Manual annotations are the highest quality judgement of responses, yet they are laborious, slow and expensive. This makes getting a round of manual review for every experiment infeasible. Instead, Parea offers LLM-as-a-judge evals that are aligned with manual annotations. These evals are a lot cheaper and faster, thus can run on every experiment you run. Note, for now we use gpt-3.5-turbo-0125 as the underlying LLM, but we plan to support user-specified models in the future.

Creating Aligned LLM Evals

There is an end-to-end example with video at the end of this page.

Selecting the right annotation criteria

It’s recommended to use annotation criteria which assess one pattern of failure / failure mode. If the evaluation of an annotation is too complex / multi-faceted, it’s better to break it down into multiple annotation criteria. This makes it easier for the annotator to annotate as well as for the LLM to learn that annotation with fewer data.
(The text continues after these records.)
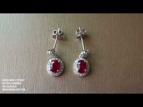 Total 1.62ct Burma unheated Ruby and Natural diamond Dangle Drop Earring
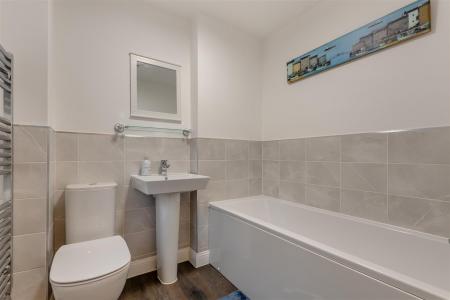 Family Bathroom - 2.01m x 1.88m (6'07 x 6'02) - Three-piece white suite comprising panel bath with mixer tap, pedestal wash hand basin with mixer tap, w.c, laminate flooring, tiled splashbacks, chrome heated towel rail, extractor fan, rear aspect frosted window.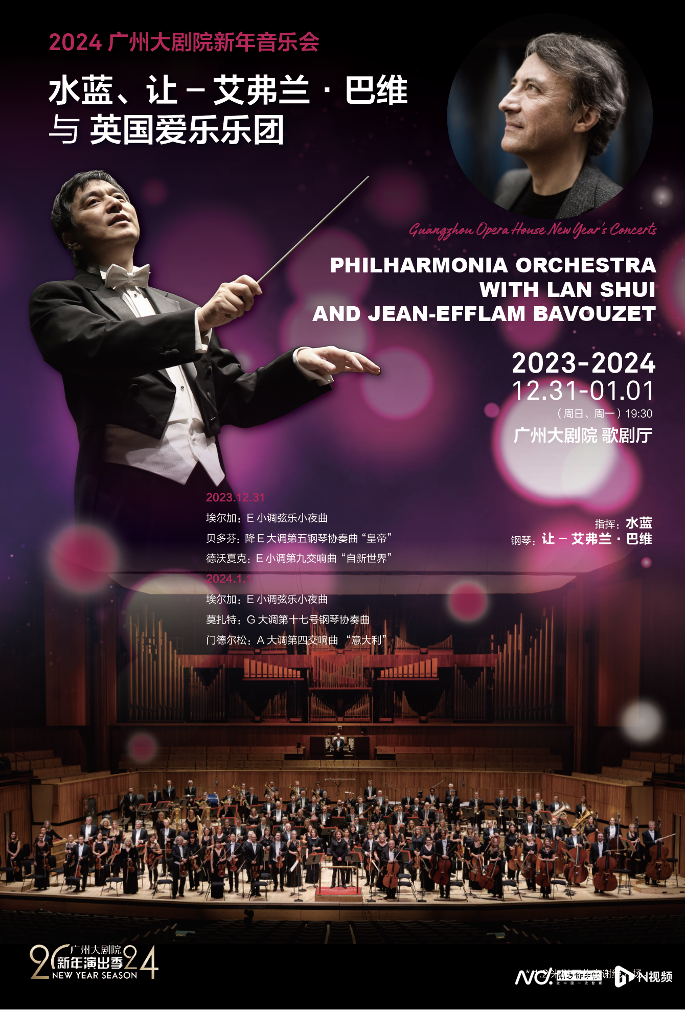 跨年夜将由英国爱乐乐团担纲。著名指挥家水蓝携手法国钢琴大师让-艾弗兰‧巴维,与英国爱乐乐团带来两场兼具柔美抒情与激情澎湃的新年音乐会,在广阔而富有生机的音乐世界中迎接2024新年的到来。起始于浸润着埃尔加对妻子柔情蜜意的《E小调弦乐小夜曲》,两场音乐会将分别带来贝多芬宏伟华丽的“协奏曲之王”《第五钢琴协奏曲“皇帝”》和德沃夏克广为人知的交织着民族情感与“美国风味”的《第九交响曲“自新世界”》,以及堪称莫扎特钢琴协奏曲“桂冠之作”的《第十七号钢琴协奏曲》和门德尔松充满了异国风情的《第四交响曲“意大利”》,演绎从古典主义到浪漫主义的乐彩华章。

E.g. in the context of summaries you would use criteria for coherence, coverage, etc. instead of a single evaluation for the whole summary. Hence, it’s recommended to review logs before creating the annotation criteria to gain an intuition of the patterns of failure.

Triggering the creation of the LLM eval

Once you open an annotation criterion from the annotations page, click on “Create LLM Eval”. If you have 20 or more logs annotated for that annotation criterion, you can trigger the creation of the LLM eval by clicking “Create LLM Eval” on the card which appears. If you have less than 20 logs annotated, you can either annotate more logs or upload a CSV file.

Uploading a CSV file of annotations

The CSV file should contain columns for any inputs used to generate the output, the output itself and the annotation of that output. After uploading the CSV file, you can choose which columns are mapped to be an input, the output and the annotation. Note, there must be exactly one column mapped to output and one to annotation. Additionally, the annotation needs to match the annotation criterion. That means for categorical annotations, the annotation column can only take values as the defined categories, and for continuous annotation, the column needs to be a number between the min. and max. score (incl.).

Running Aligned LLM evals

After the LLM eval has been created, you can view its source code (Python) which you can copy-paste into your own codebase to run the LLM eval. Alternatively, you can also run the eval deployed through Parea by including the annotation name with the postfix ” (LLM)” in the evaluation_metric_names (Python & Curl) / evalFuncNames (TypeScript) parameter of the trace decorator / REST API call. So, if the annotation criterion is named “coherence”, the LLM eval would be named “coherence (LLM)“. When you add the eval to the trace decorator or REST API call, Parea will automatically execute the eval on that log. Below you can see an in-app screenshot of how to run the LLM eval.

Analyzing Aligned LLM evals

After the eval has been created, you can analyze its performance by clicking on the Analyze Eval tab. In that you will see summary statistics such as (balanced) accuracy, Pearson correlation, and average absolute error. Additionally, you can see either a confusion matrix or a scatter plot of the manual vs. LLM judge annotation. A confusion matrix will be shown if the annotation criterion is categorical or continuous with less than 11 unique values.

Above is an example with a confusion matrix. Below is another example with a scatter plot.

Example: Create a LLM eval to assess coverage of summaries of Reddit posts

To demonstrate how this works, we will use human annotations of generated summaries of the TL;DR Reddit dataset which was done as part of the Learning to summarize from human feedback paper by OpenAI. We will use 20 annotated samples from the dataset to create an LLM eval which assesses the coverage of the summaries. You can find the dataset here.

In the video below we will first create an annotation criterion, then upload a CSV of annotations, create a LLM eval and finally show the confusion matrix of the LLM eval.

After following along the above video, we get the following results (the avid reader might notice that these are the same results as in the screenshot above):

To integrate this into our codebase, we can copy-paste below code from the Run Eval tab.

Roadmap

While LLM-as-a-judge are good to reduce manual annotation effort, they need to continuously be checked for alignment with manual annotations. For that purpose, we are planning on continuously measuring & improving alignment as one annotates. Additionally, incorporating comments of annotations is expected to further boost the quality of the LLM evals. Finally, we are planning on leveraging user corrections of eval results to further improve the LLM evals.